All literary prizes, by their nature, are surrounded by gossip, infighting,
and controversy, but from time to time they hit their mark. Few of the poets
who have been awarded MacArthur Fellowships thus far have been more worthy than
1998 winner Linda Bierds, whose The Profile Makers: Poems (Henry
Holt, 80 pages, $12.95), like its predecessor, The Ghost Trio, movingly
makes the past a necessary prelude and lesson for our own experience -- as her
poem about William Wordsworth's sister Dorothy asserts, "all we have passed
through sustains us." Amy Gerstler, whose Bitter Angel won the National
Book Critics Circle Award in 1991, has just published Crown of
Weeds (Penguin, 96 pages, $14.95), perhaps her most striking volume
yet.

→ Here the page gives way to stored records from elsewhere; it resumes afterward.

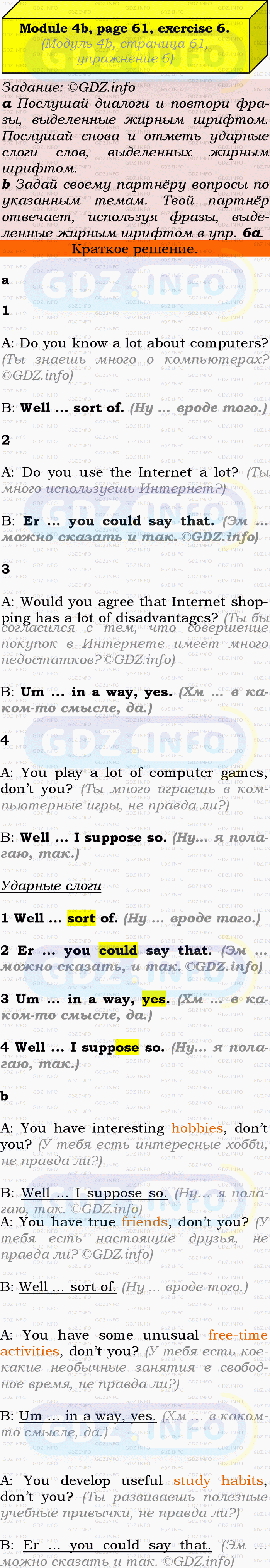 ГДЗ (готовое домашние задание из решебника) по Английскому языку 9 класса авторов Ю.Е. Ваулина, Просвещение, 2010/2019/2023г. на Module 4, Страница 60-61, Номер 6. 4b Listening & Speaking.Условие 2023 г.
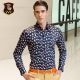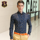 名度鸟春季新品男士长袖衬衫纯棉印花时尚休闲烫钻修身衬衣潮
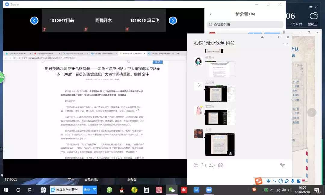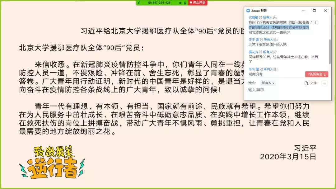 心理学院各团支部在线上开展学习习近平总书记给北京大学援鄂医疗队全体“90 后”党员回信主题团日活动。同学们在群聊中发言讨论,表达了自己对医疗队的敬仰之情。

Gerstler shares with Sylvia Plath and Stevie Smith the ability to make us
laugh through our discomfort: "I was brought here to recover/my presence of
mind--/a pear-scented essence/which slipped through my fingers/like disobedient
lotion."
Since November 11 marked the 80th anniversary of the first Armistice Day, it
seems a good time to remember British poet and composer Ivor Gurney, whose
gradual physical deterioration and descent into madness after a gassing at
Paschendaele was as great a loss to literature as the deaths of Rupert Brooke
and Wilfred Owen. George Walter's new selection of his verse, Ivor
Gurney (Everyman Paperback Classics, 108 pages, $1.95), ably
demonstrates the singular music, remarkable experimentalism, and profound
feeling of an outstanding poet: "What did they expect of our toil and
extreme/Hunger -- the perfect drawing of a heart's dream? . . . Out
of the heart's sickness the spirit wrote/For delight, or to escape hunger, or
of war's worst anger."
And if none of these please, you could do very much worse than to pick up
The Best American Poetry 1998, now in its 10th year under the
diligent general editorship of David Lehman (Touchstone, 320 pages, $14), which
includes many of the poets discussed here and many more besides. Necessarily
provisional and subjective, it remains a fascinating overview of the hundreds
of vigilant, insightful poets at work in America today.
Graham Christian will spend this holiday season in Somerville, writing the
screenplay for a Muppet version of Howl.